HEPCloud: An FPGA-Based Multicore Processor for FV Somewhat Homomorphic Function Evaluation

In this paper, we present an FPGA based hardware accelerator 'HEPCloud' for homomorphic evaluations of medium depth functions which has applications in cloud computing. Our HEPCloud architecture supports the polynomial ring based homomorphic encryption scheme FV for a ring-LWE parameter set of dimension 2(15), modulus size 1,228-bit, and a standard deviation 50. This parameter-set offers a multiplicative depth 36 and at least 85 bit security. The processor of HEPCloud is composed of multiple parallel cores. To achieve fast computation time for such a large parameter-set, various optimizations in both algorithm and architecture levels are performed. For fast polynomial multiplications, we use CRT with NTT and achieve two dimensional parallelism in HEPCloud. We optimize the BRAM access, use a fast Barrett like polynomial reduction method, optimize the cost of CRT, and design a fast divide-and-round unit. Beside parallel processing, we apply pipelining strategy in several of the sequential building blocks to reduce the impact of sequential computations. Finally, we implement HEPCloud on a medium-size Xilinx Virtex 6 FPGA board ML605 board and measure its on-board performance. To store the ciphertexts during a homomorphic function evaluation, we use the large DDR3 memory of the ML605 board.
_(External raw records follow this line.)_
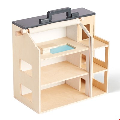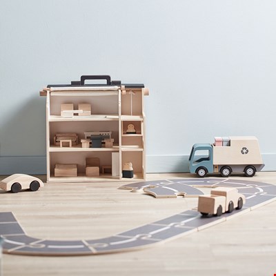For hours of make-believe fun, the Kids Concept Aiden Wooden Studio Doll House with Furniture would be a wonderful gift idea. Designed as a carry case, your little one's can transport their dolls house anywhere they please! One minute they'll be playing in their bedroom, the next in the garden - you might find it hard keeping up! Featuring 3 separate levels with a swimming pool, roll down roof terrace and a working lift, this is one snazzy pad! Including 15 accessories, your kiddies can arrange the furniture and figures in any way they'd like and create all sorts of stories. Extend playtime with the garbage truck and car track and see where their imagination takes them!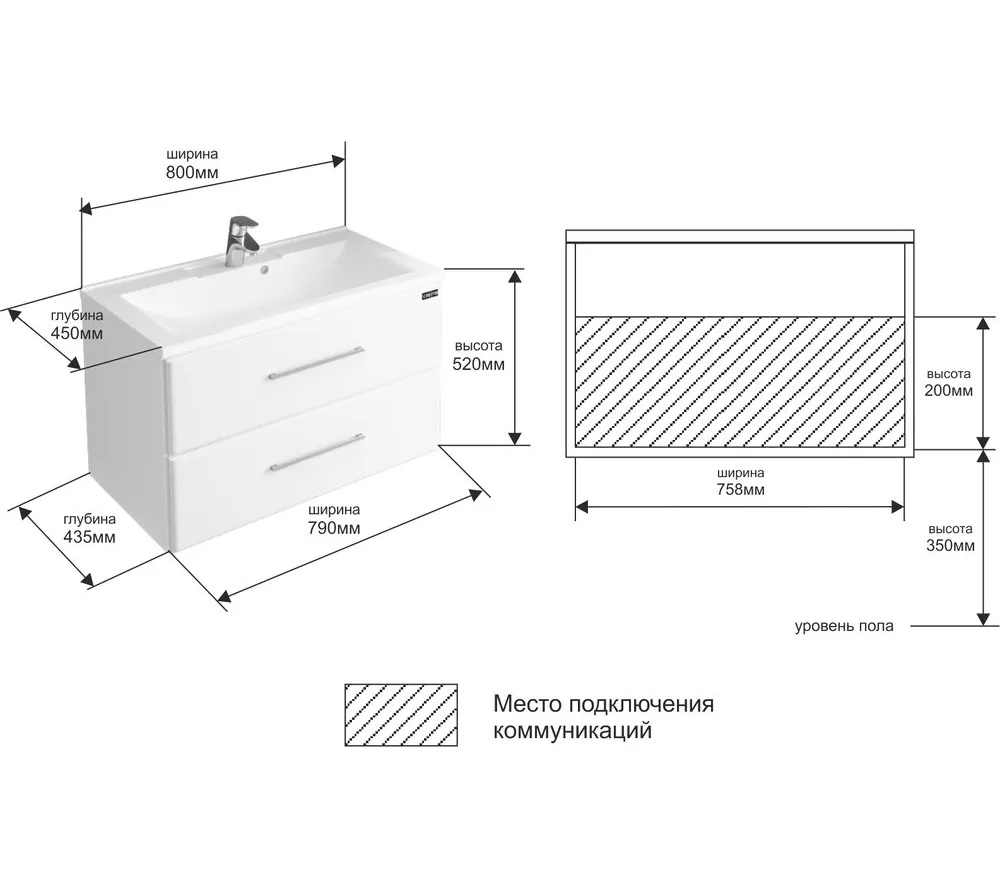 Тумба подвесная "Омега-80" 2 ящика, без раковины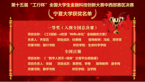 【永利集团304官网新闻中心讯 创新创业学院】2月28日—3月1日,第十五届“工行杯”全国大学生金融科技创新大赛中西部赛区决赛在郑州大学举办。来自西安交通大学、郑州大学、重庆理工大学等12所高校的12支队伍同台竞技。最终永利冯蛟、周学章老师指导的《工E赋能--e牧源“种养e体化”金融服务方案》项目勇夺中西部赛区一等奖,并代表中西部赛区入围全国总决赛参加全国特等奖争夺。同时,由庞冬梅老师指导的《“数字人民币+债券”交易平台债融通》项目入围全国百强名单。本次获奖是宁夏高校参赛15年来首次荣获区域赛一等奖并入围全国总决赛,实现了宁夏该赛事的新突破。《工E赋能--e牧源“种养e体化”金融服务方案》项目以宁夏特色产业为出发点,聚焦农牧产业痛点,联合中国工商银行宁夏分行,运用区块链等技术构建综合金融服务体系,为农牧企业和养殖户提供多样化融资渠道。项目社会效益显著,助力养殖户增产增收、推动养殖业绿色发展,助力乡村振兴。在比赛过程中,...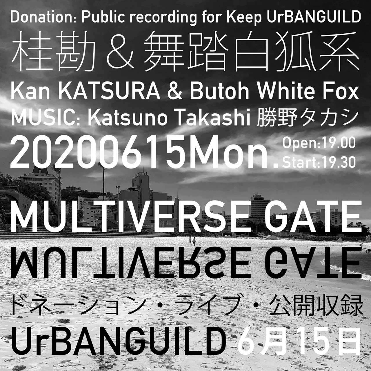 勝野タカシとemuralaboの共同企画の第1回目。桂勘&舞踏白狐系を迎えて、量子宇宙論的MULTIVERSEの門の前に生きる、年老いた白鳥、蛙男、風に聞く女、思索する男の4パートで構成された作品。即興音楽と舞踏の対峙にカメラが反応して収めた映像を編集して一つのかたまりとして提示するということ。2020年6月15日UrBANGUILDにて公開収録。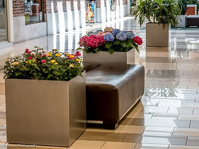 Powder-Coated Aluminum Planters bring a sleek, contemporary look to Boston’s dynamic indoor spaces. Their durable finish resists wear and ensures long-lasting performance, making them ideal for high-traffic environments.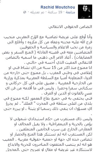 وأضاف “بل ممنوع حتى خارجه من الدول المتعاونة أمنيًا مع السلطة المغربية بمذكرة وزارية من الخارجية المغربية، مضيق علي في كل حركاتي وسكناتي سفرًا وحضرًا، وليس في ما أقدمه من فن أي مسٍ بالقانون أو الدين أو العرف”.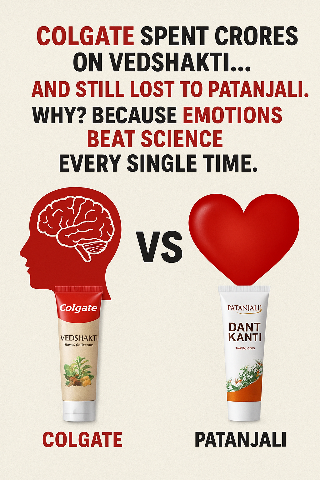 “Colgate spent crores on Vedshakti… and still lost to Patanjali. Why? Because emotions beat science every single time.” 🧠 People buy with emotion first, justify with logic later. But most Ayurveda brands flip it — shouting ingredients & lab tests,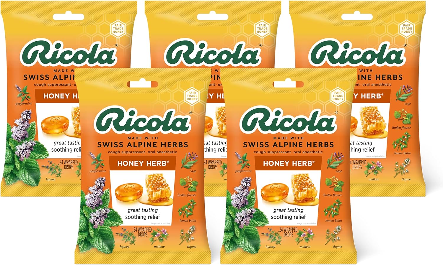 Ricola Honey Herb Herbal Cough Suppressant Throat Drops, 24Ct Bag (Pack Of 5)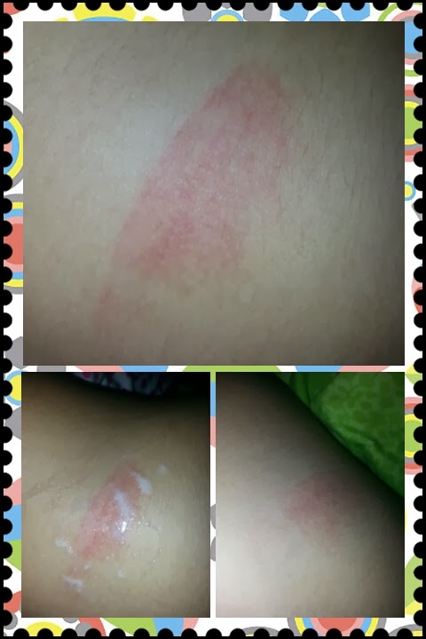 Gambar atas tuh kesan lecet dan merah...Gambar bawah sebelah kiri saya sapu bedak sejuk...Gambar last tuh pagi tadi saya snap....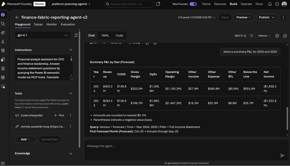 For more sophisticated, high-volume, or consistent forecasting use cases such as workforce planning or demand forecasting, full-code models can be built in SQL or Python in Fabric and connected to ML models if needed. SQL and Python are much more accessible now with LLM-assisted coding.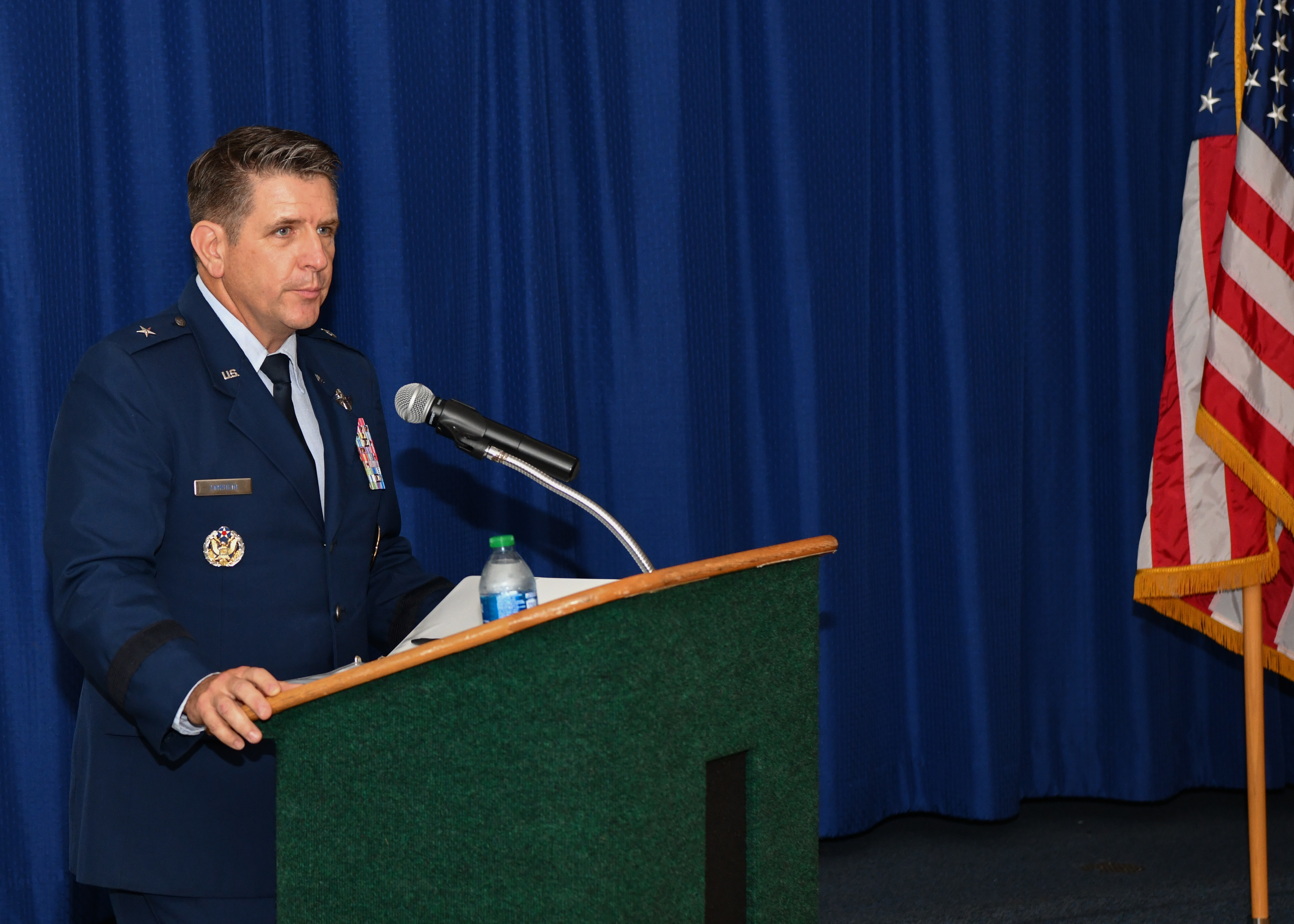 Brig. Gen. Christopher R. Amrhein, Air Force Recruiting Service commander, speaks to attendees during the 367th Recruiting Group assumption of command ceremony for Col. Michelle C. Coumbs at the Heritage Club, Robins Air Force Base, Ga. June 6, 2023. (U.S. Air Force photo by Master Sgt. Louis Vega)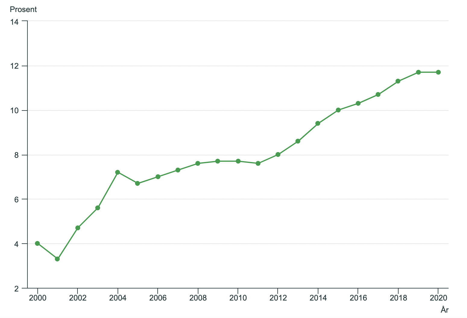 NTB fremhever at andelen har holdt seg stabil siden 2019. Statistikk fra SSB viser imidlertid at den har steget raskt siden årtusenskiftet, da andelen var 4 prosent:

Our FPGA-based implementation of HEPCloud computes a homomorphic multiplication in 26.67 s, of which the actual computation takes only 3.36 s and the rest is spent for off-chip memory access. It requires about 37,551 s to evaluate the SIMON-64/128 block cipher, but the per-block timing is only about 18 s because HEPCloud processes 2,048 blocks simultaneously. The results show that FPGA-based acceleration of homomorphic function evaluations is feasible, but fast memory interface is crucial for the performance.